Since helping to create the Centre for the Protection of Afghan Women Journalists (CPAWJ) in March 2017, RSF has continued to provide assistance to the centre. This unique NGO"s mission is to support and protect women journalists. Thanks in part to RSF"s financial and moral support, the centre managed to conduct the first-ever survey of women in the Afghan media, establishing that the country has 1,761 women media workers, including 764 professional journalists.

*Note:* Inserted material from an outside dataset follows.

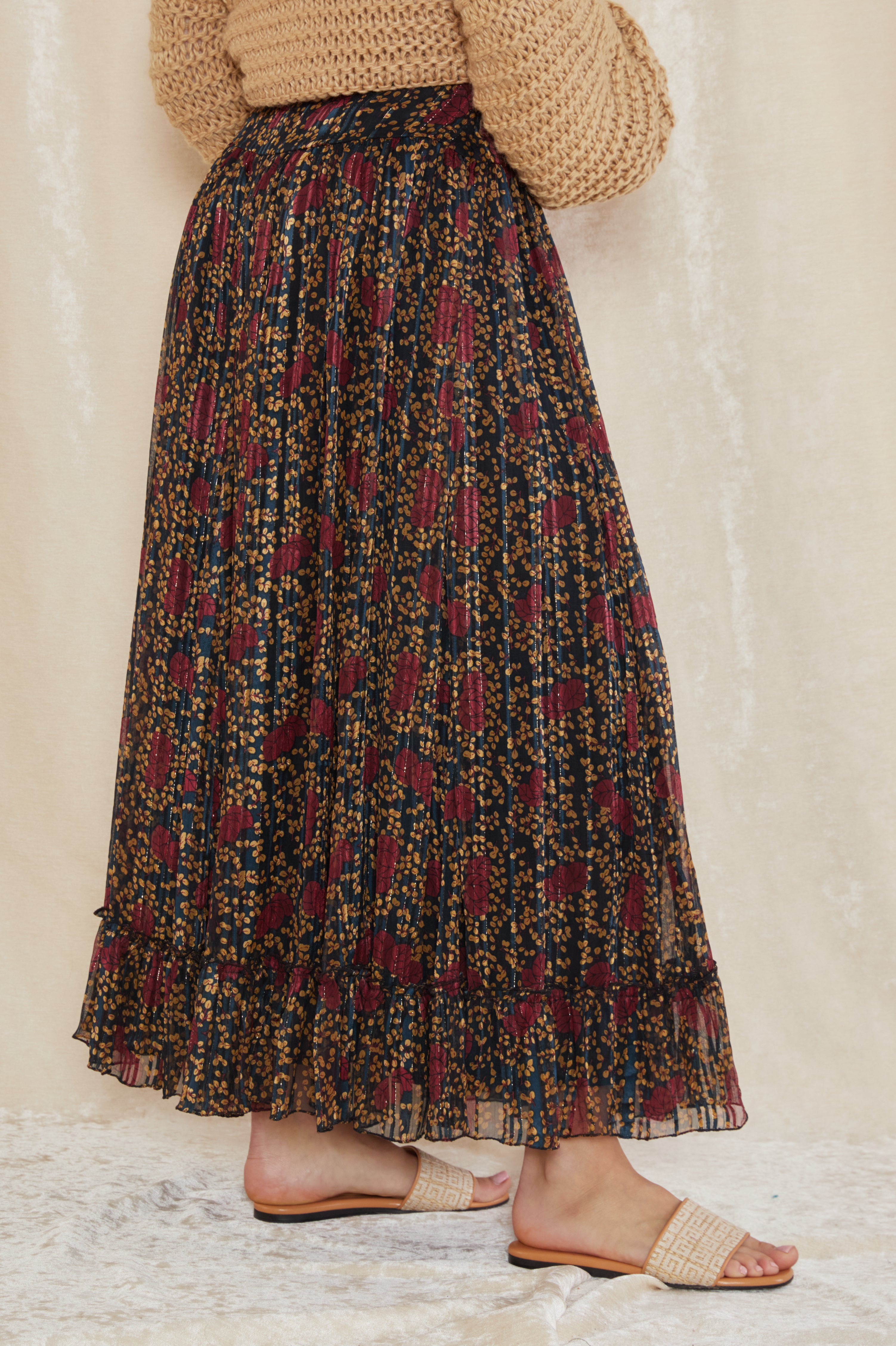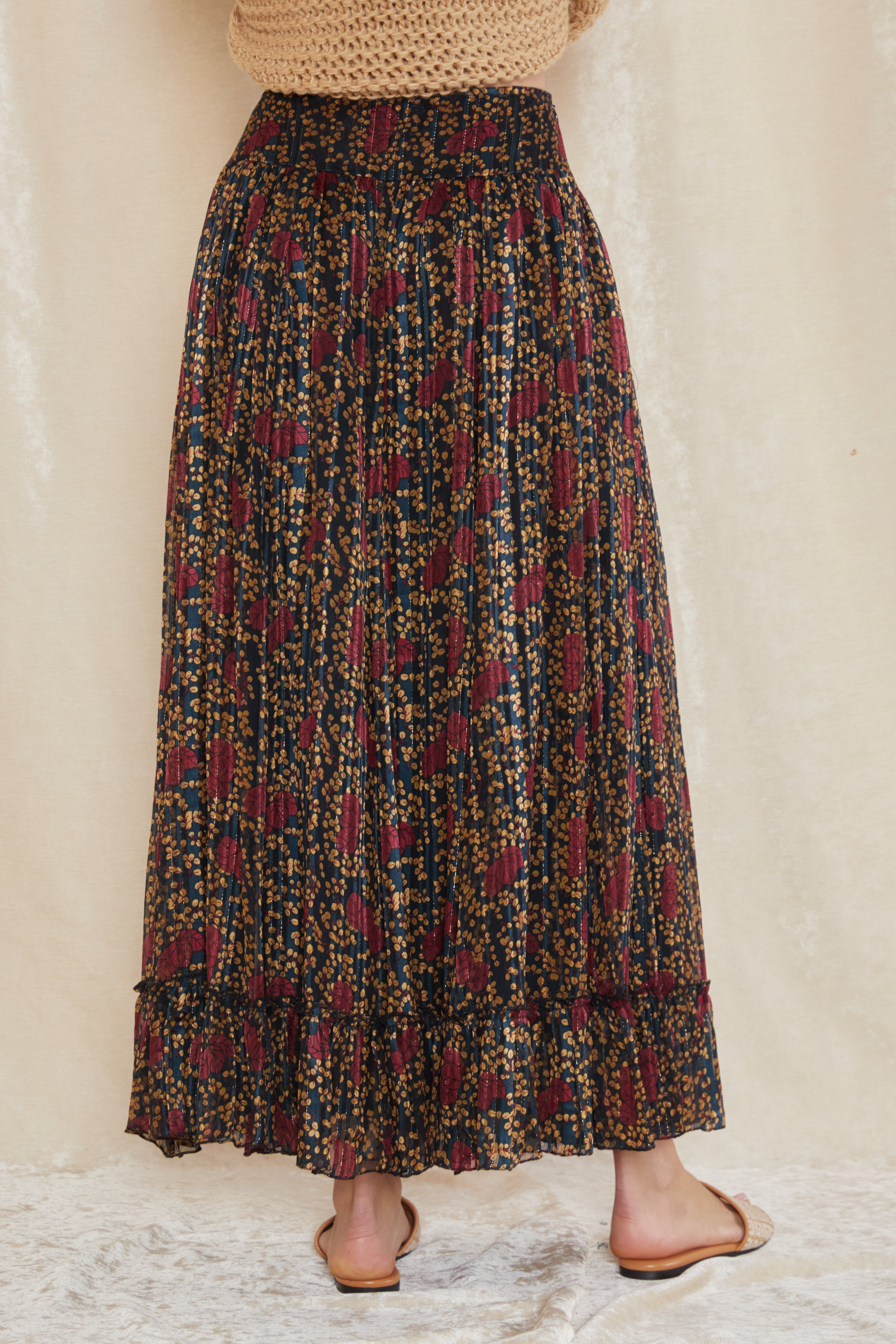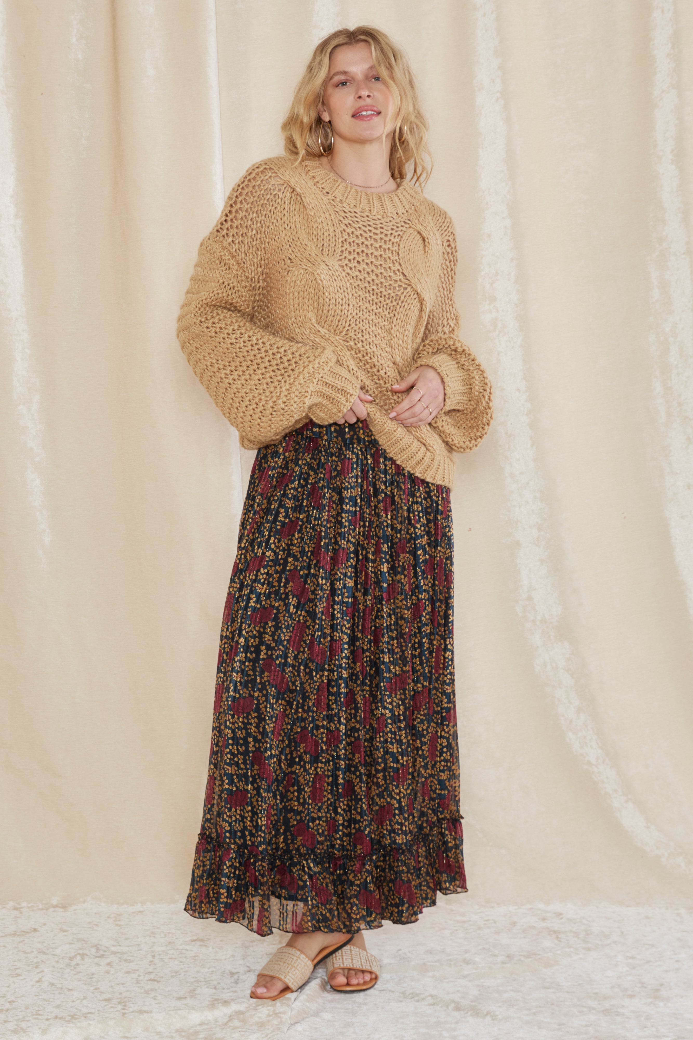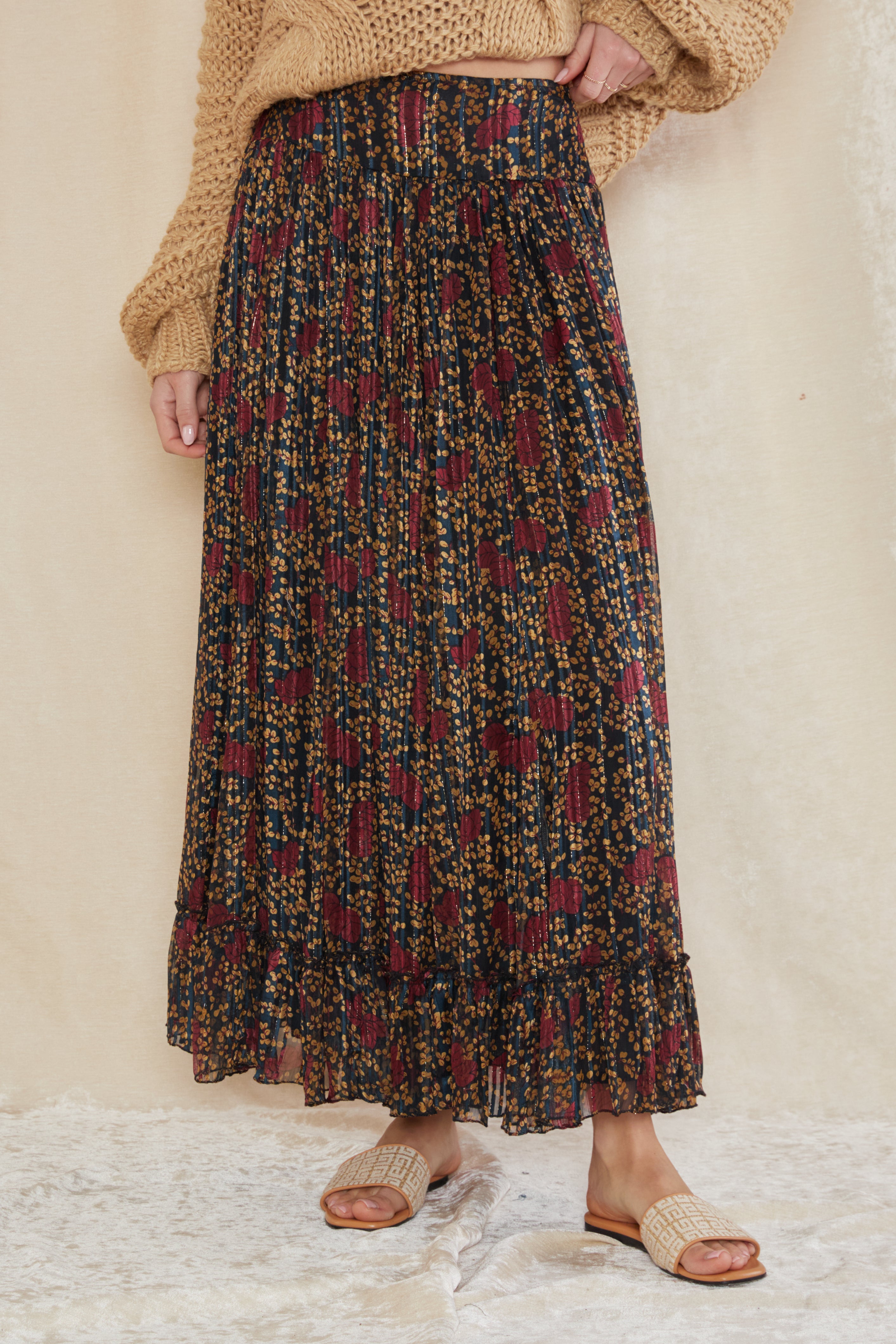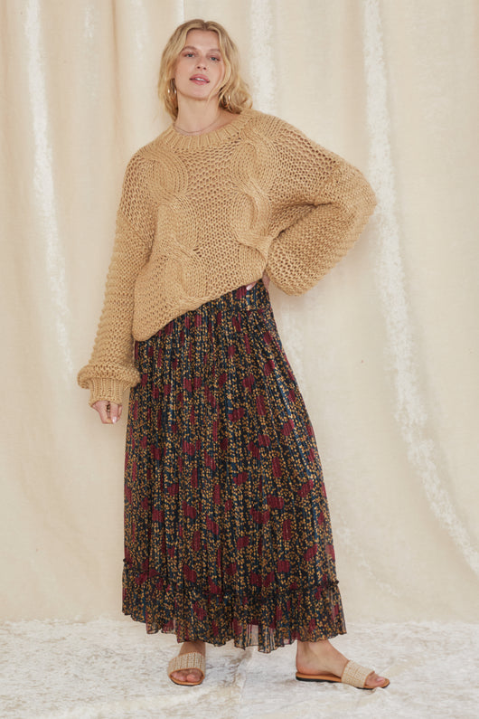 The Uma Maxi Skirt features a beautiful metallic floral print and elastic waist. Wear with our Alaska Cable Knit sweater and ballet flats or pair with your favorite knee high boots for a high fashion look!

RSF and the CPAWJ have jointly provided women journalists with physical safety training and have called on the Afghan government and parliament to provide them with greater protection, especially in the more remote provinces. They have also called for the drafting of a charter for the protection of women journalists within news organizations.
Fleeing war
Violence continues to take its toll on the few journalists still working in Syria (ranked 177th in the Index) and Yemen (167th). One professional journalist, five citizen-journalists and one media worker have been killed in artillery bombardments and air strikes in Syria since the start of the year. The toll in Yemen has been three professional journalists and five citizen-journalists killed.
In these two countries, which are news and information black holes, many journalists have had no choice but to either stop working or flee abroad to escape the threats to which they are exposed. RSF provides those who flee with specific assistance designed to help them reach a safe refuge or to cover their most urgent needs after they have fled.
These Syrian and Yemeni journalists have received 20 percent of RSF"s overall assistance funding in 2018 and more than three quarters of its funding for the Middle East and North Africa region. In total, 15 Syrian and Yemeni journalists have received grants since the start of the year. Six of them found a safe refuge in another country, seven were given funds to cover their most urgent needs in exile, and RSF helped the other two pay their medical fees.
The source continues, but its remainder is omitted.